#### DATASET CONTENT
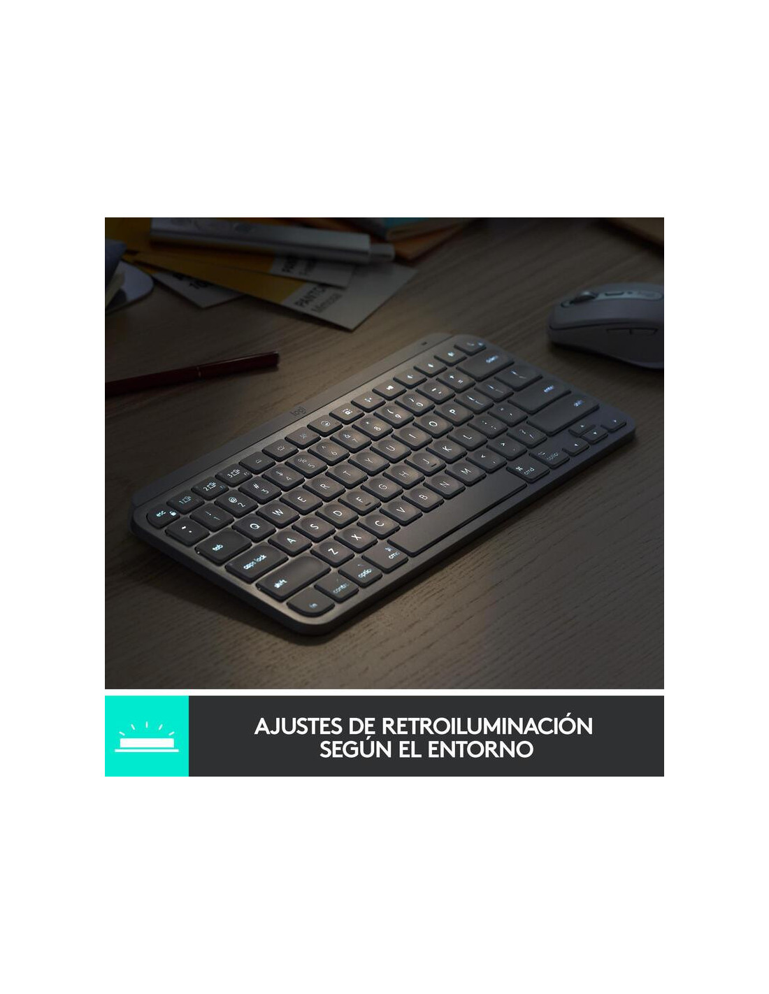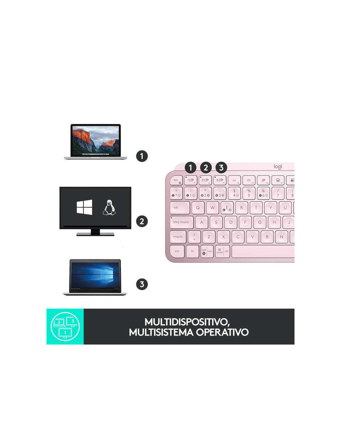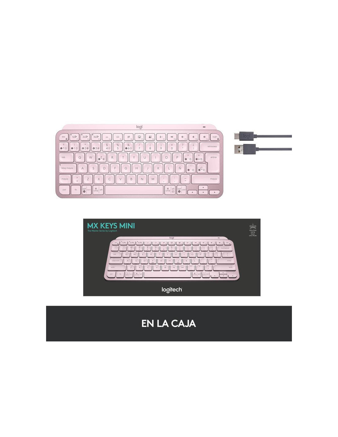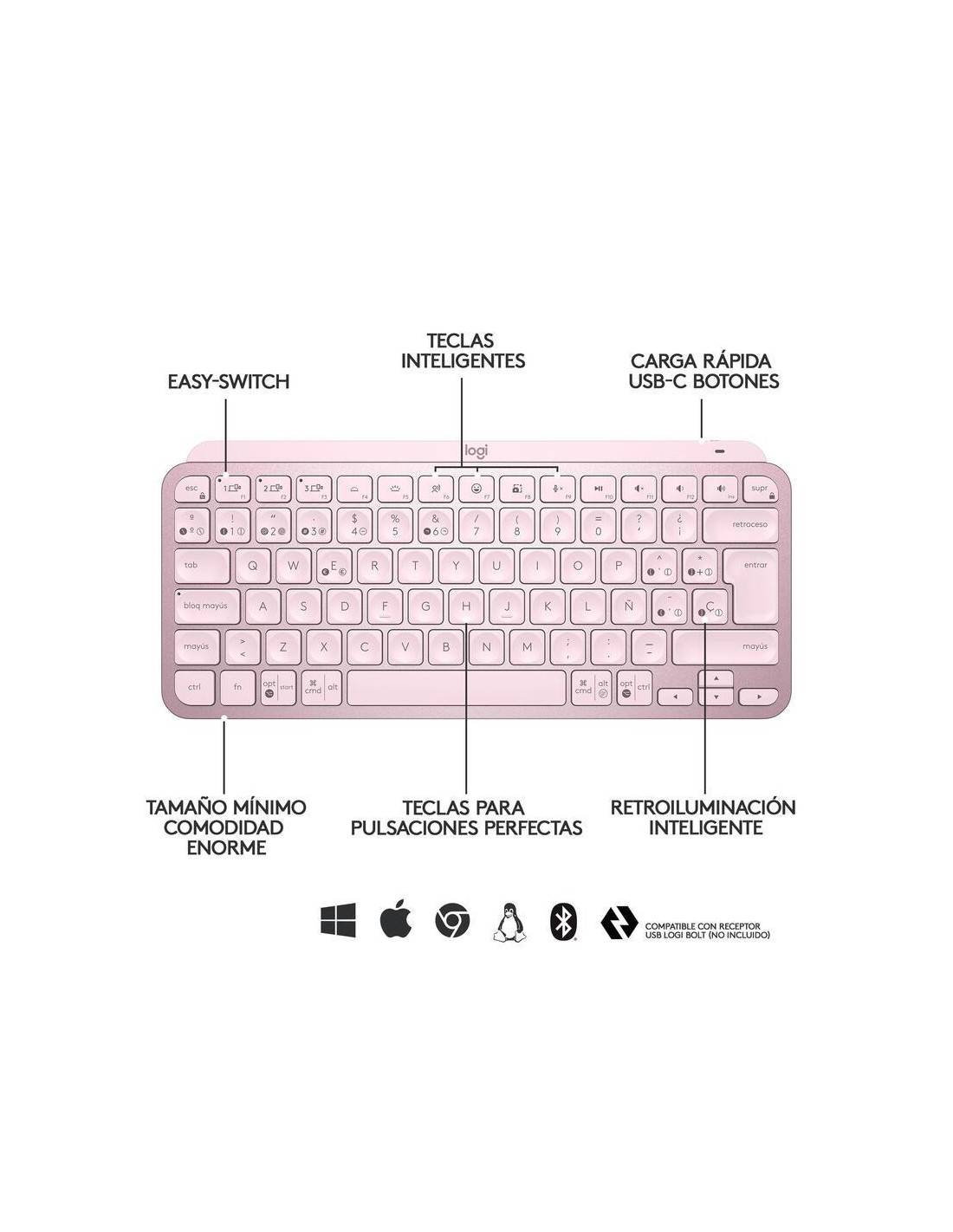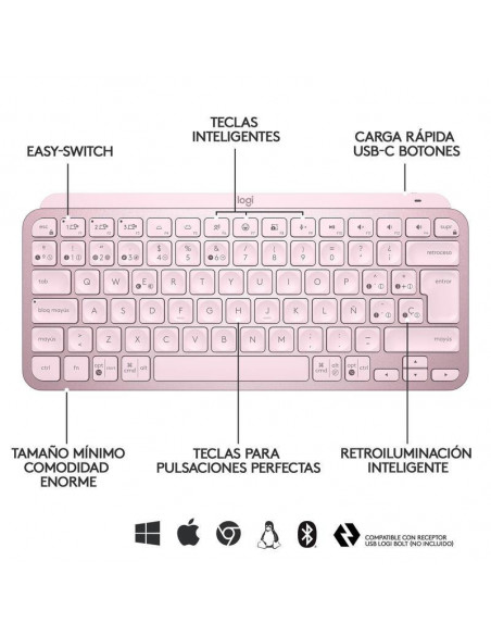 Logitech MX Keys Mini - Teclado - retroiluminação - Bluetooth - QWERTY - Espanhol - rosa
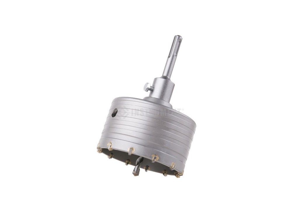vykružovací / vrtací korunka s SK plátky a vodícím vrtákem uchycení SDS+ kvalitní SK plátky (SK - slinutý karbid), dlouhá životnost, rychlý prostup materiálem vodící - středící vrták usnadňuje práci a korunku přesně vede a drží na požadovaném místě pro vrtání větších průměrů do betonu, porobetonu, cihel a podobných zdících materiálů korunka není vhodná na vrtání železobetonu
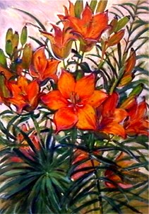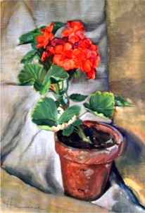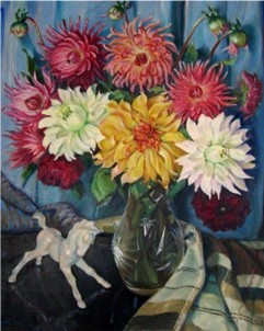 Ludwig Haimerl malte eine Reihe von Blumenbildern in verschiedenen Techniken, z.B. Feuerlilien und Geranien (beides Aquarelle) und Dahlien (Ölbild; Mitte). (aus 2)
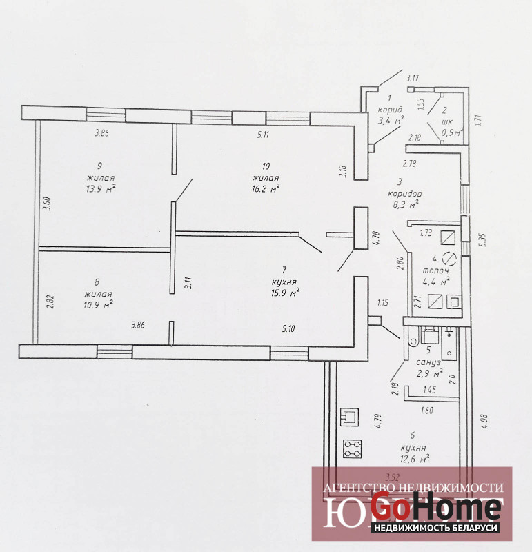 Фундамент - бетон, стены - кирпич, крыша - шифер. В доме 4 комнаты, кухня (12,6), топочная, с/узел-ванная, входной тамбур, коридор.
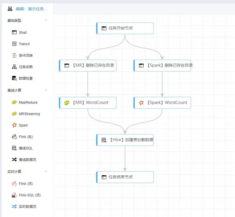 用户可以在任务开发平台中通过拖拽、配置以及简单的开发,完成业务数据处理流程。
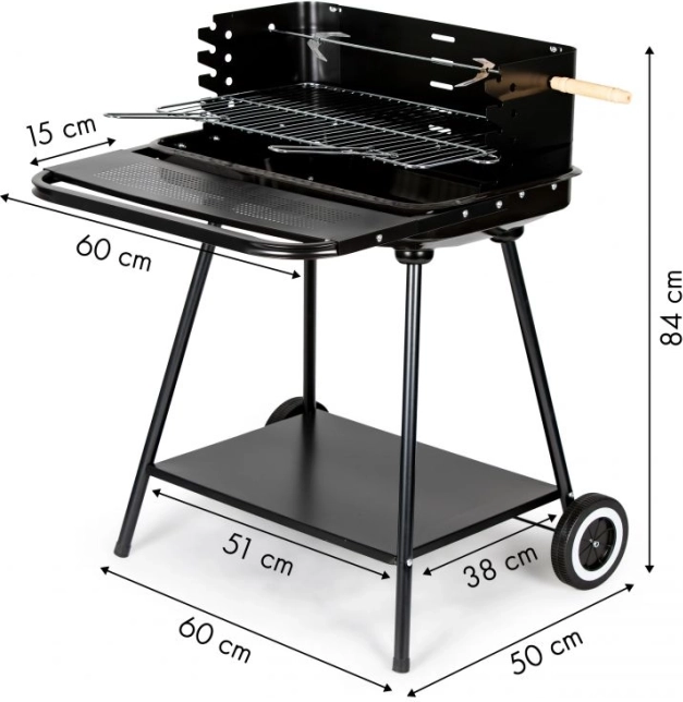 Grill MultiGarden er designet til dem, der værdsætter funktionalitet og komfort. Stor forkromet grillflade med dimensionerne 53x34 cm gør det muligt at tilberede flere retter på én gang, ideel til familiefester og venlige sammenkomster. Takket være den justerbare højde kan du grille mad efter dine egne behov. To funktionelle hylder giver rigelig opbevaringsplads til alt nødvendigt grilludstyr.
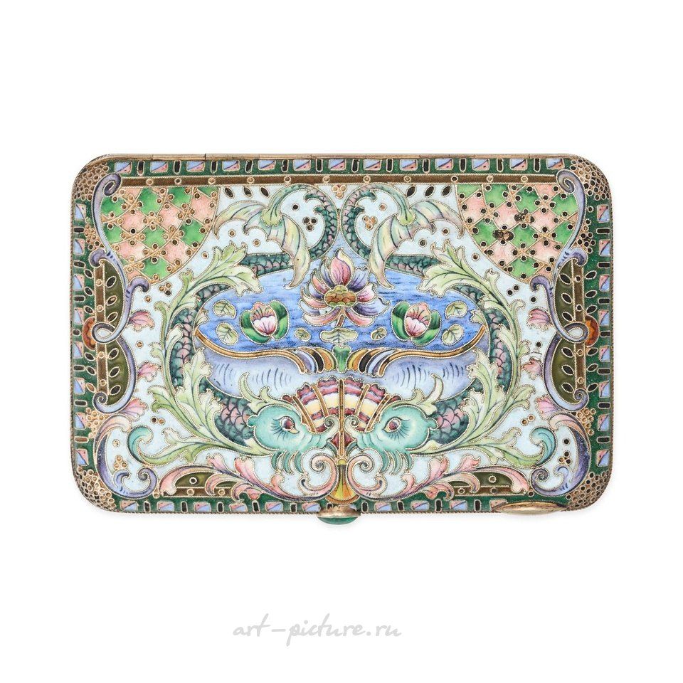 БЕЗ РЕЗЕРВА - ВЫСОКОКАЧЕСТВЕННЫЙ АНТИКВАРНЫЙ СЕРЕБРЯНЫЙ КИСЕТ ДЛЯ СИГАРЕТ В ИМПЕРАТОРСКОМ РУССКОМ СТИЛЕ, ИЗГОТОВЛЕННЫЙ 20-М АРТЕЛЕМ В МОСКВЕ В 1908-1917 ГОДАХ. КИСЕТ ИМЕЕТ ПРЯМОУГОЛЬНУЮ ФОРМУ С ПРИСТЕГИВАЮЩИМИСЯ КРЫШКАМИ И УКРАШЕНА РАЗНОЦВЕТНОЙ ЭМАЛЬЮ В ТЕХНИКЕ КЛОИЗОННЕ. НА ОБОИХ СТОРОНАХ КИСЕТА ИЗОБРАЖЕНЫ ПАРЫ ДЕЛЬФИНОВ, ОБЪЕДИНЯЮЩИХ ПРУДОВЫЕ СЦЕНЫ, А ТАКЖЕ УКРАШЕНЫ ЦВЕТАМИ, СКРОЛЛАМИ И ГЕОМЕТРИЧЕСКИМИ УЗОРАМИ, ВЫПОЛНЕННЫМИ В ЭМАЛЕ. НАЛИЧИЕ КИРИЛЛИЧЕСКОГО МАРКЕРА И ВТОРОГО КОКОШНИКОВСКОГО ПРОБИРНОГО ЗНАКА.
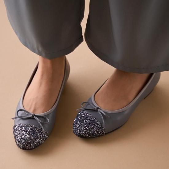 大粒グリッターとのコンビネーションが足元をラグジュアリーに彩るバレエデザイン。
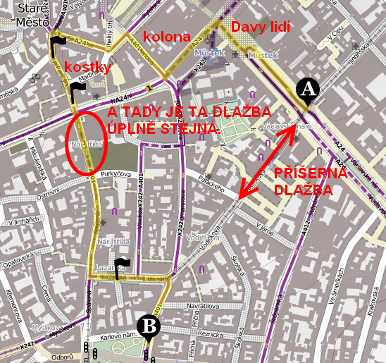 Současně se jedná se o významné cyklistické propojení. Chcete se legálně dostat z Václavského na Karlovo náměstí a vyhnout se kopci, vedení kola i této strašlivé dlažbě? Zajedete si 900 metrů a u metra Národní třída narazíte na stejně odporné kostky. Nebo můžete kolo strkat po přelidněných chodnících Vodičkovy či Jungmannovy. „Kvalitu“ objízdné legální trasy (bez chodníkových úseků) vystihuje následující obrázek:
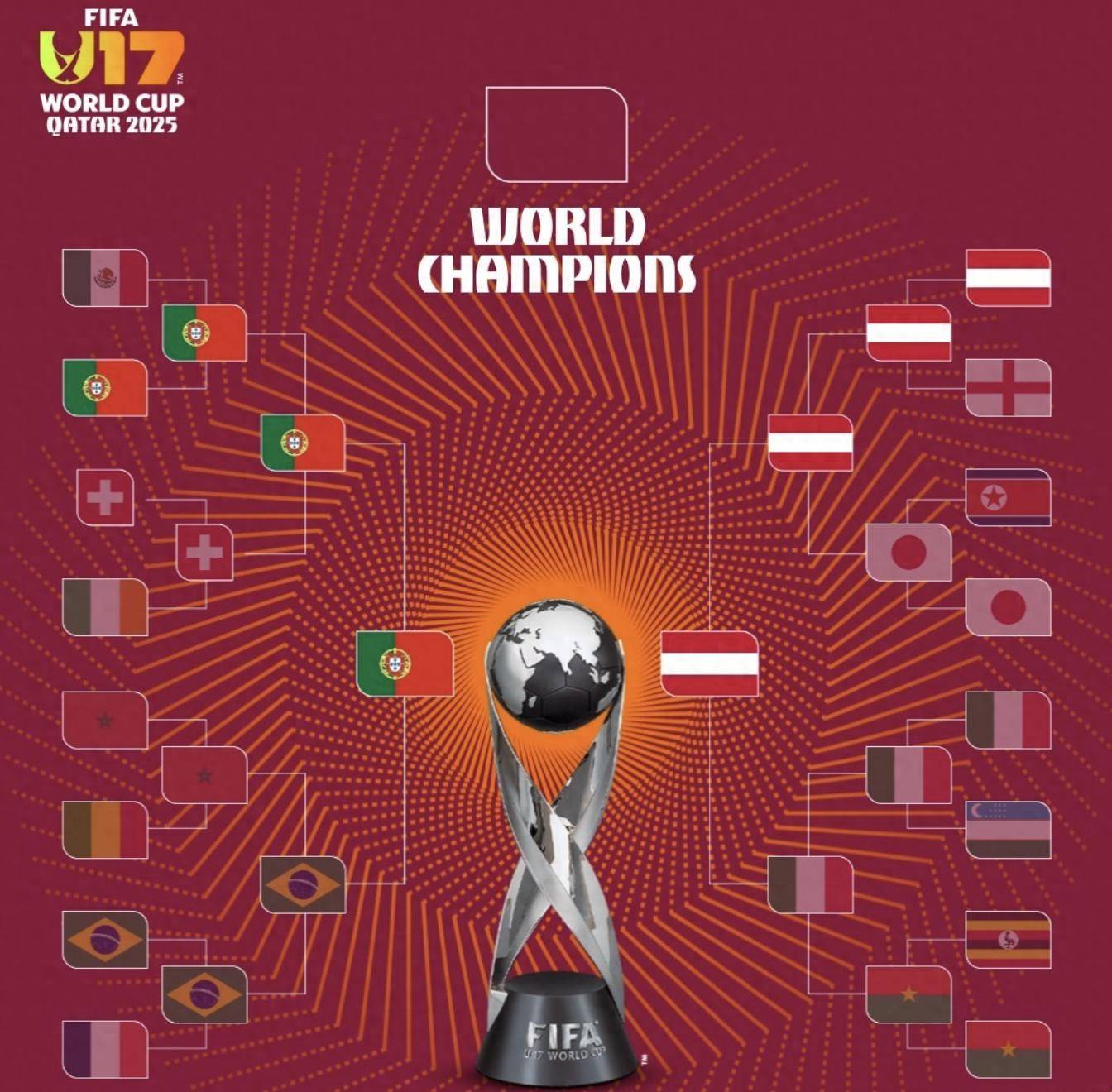 在另一场半决赛中,奥地利队以2比0的比分击败了意大利队,杀入决赛。比赛的最后阶段,意大利队的两名球员博拉西奥和伊纳西奥因犯规被先后红牌罚下。葡萄牙队将在决赛中面对的是本届赛事至今保持全胜纪录的奥地利队。无论最终谁能捧起奖杯,都将是各自国家队历史上首座U17世界杯冠军。个人层面,奥地利边锋莫泽以9粒进球领跑射手榜,葡萄牙前锋阿尼西奥以6球紧随其后。

#### ACTIVITY
Print the whole listing above exactly, and keep every picture out of the copy.

#### SOLUTION FOR THIS PROBLEM
 Logitech MX Keys Mini - Teclado - retroiluminação - Bluetooth - QWERTY - Espanhol - rosa
vykružovací / vrtací korunka s SK plátky a vodícím vrtákem uchycení SDS+ kvalitní SK plátky (SK - slinutý karbid), dlouhá životnost, rychlý prostup materiálem vodící - středící vrták usnadňuje práci a korunku přesně vede a drží na požadovaném místě pro vrtání větších průměrů do betonu, porobetonu, cihel a podobných zdících materiálů korunka není vhodná na vrtání železobetonu
 Ludwig Haimerl malte eine Reihe von Blumenbildern in verschiedenen Techniken, z.B. Feuerlilien und Geranien (beides Aquarelle) und Dahlien (Ölbild; Mitte). (aus 2)
 Фундамент - бетон, стены - кирпич, крыша - шифер. В доме 4 комнаты, кухня (12,6), топочная, с/узел-ванная, входной тамбур, коридор.
 用户可以在任务开发平台中通过拖拽、配置以及简单的开发,完成业务数据处理流程。
 Grill MultiGarden er designet til dem, der værdsætter funktionalitet og komfort. Stor forkromet grillflade med dimensionerne 53x34 cm gør det muligt at tilberede flere retter på én gang, ideel til familiefester og venlige sammenkomster. Takket være den justerbare højde kan du grille mad efter dine egne behov. To funktionelle hylder giver rigelig opbevaringsplads til alt nødvendigt grilludstyr.
 БЕЗ РЕЗЕРВА - ВЫСОКОКАЧЕСТВЕННЫЙ АНТИКВАРНЫЙ СЕРЕБРЯНЫЙ КИСЕТ ДЛЯ СИГАРЕТ В ИМПЕРАТОРСКОМ РУССКОМ СТИЛЕ, ИЗГОТОВЛЕННЫЙ 20-М АРТЕЛЕМ В МОСКВЕ В 1908-1917 ГОДАХ. КИСЕТ ИМЕЕТ ПРЯМОУГОЛЬНУЮ ФОРМУ С ПРИСТЕГИВАЮЩИМИСЯ КРЫШКАМИ И УКРАШЕНА РАЗНОЦВЕТНОЙ ЭМАЛЬЮ В ТЕХНИКЕ КЛОИЗОННЕ. НА ОБОИХ СТОРОНАХ КИСЕТА ИЗОБРАЖЕНЫ ПАРЫ ДЕЛЬФИНОВ, ОБЪЕДИНЯЮЩИХ ПРУДОВЫЕ СЦЕНЫ, А ТАКЖЕ УКРАШЕНЫ ЦВЕТАМИ, СКРОЛЛАМИ И ГЕОМЕТРИЧЕСКИМИ УЗОРАМИ, ВЫПОЛНЕННЫМИ В ЭМАЛЕ. НАЛИЧИЕ КИРИЛЛИЧЕСКОГО МАРКЕРА И ВТОРОГО КОКОШНИКОВСКОГО ПРОБИРНОГО ЗНАКА.
 大粒グリッターとのコンビネーションが足元をラグジュアリーに彩るバレエデザイン。
 Současně se jedná se o významné cyklistické propojení. Chcete se legálně dostat z Václavského na Karlovo náměstí a vyhnout se kopci, vedení kola i této strašlivé dlažbě? Zajedete si 900 metrů a u metra Národní třída narazíte na stejně odporné kostky. Nebo můžete kolo strkat po přelidněných chodnících Vodičkovy či Jungmannovy. „Kvalitu“ objízdné legální trasy (bez chodníkových úseků) vystihuje následující obrázek:
 在另一场半决赛中,奥地利队以2比0的比分击败了意大利队,杀入决赛。比赛的最后阶段,意大利队的两名球员博拉西奥和伊纳西奥因犯规被先后红牌罚下。葡萄牙队将在决赛中面对的是本届赛事至今保持全胜纪录的奥地利队。无论最终谁能捧起奖杯,都将是各自国家队历史上首座U17世界杯冠军。个人层面,奥地利边锋莫泽以9粒进球领跑射手榜,葡萄牙前锋阿尼西奥以6球紧随其后。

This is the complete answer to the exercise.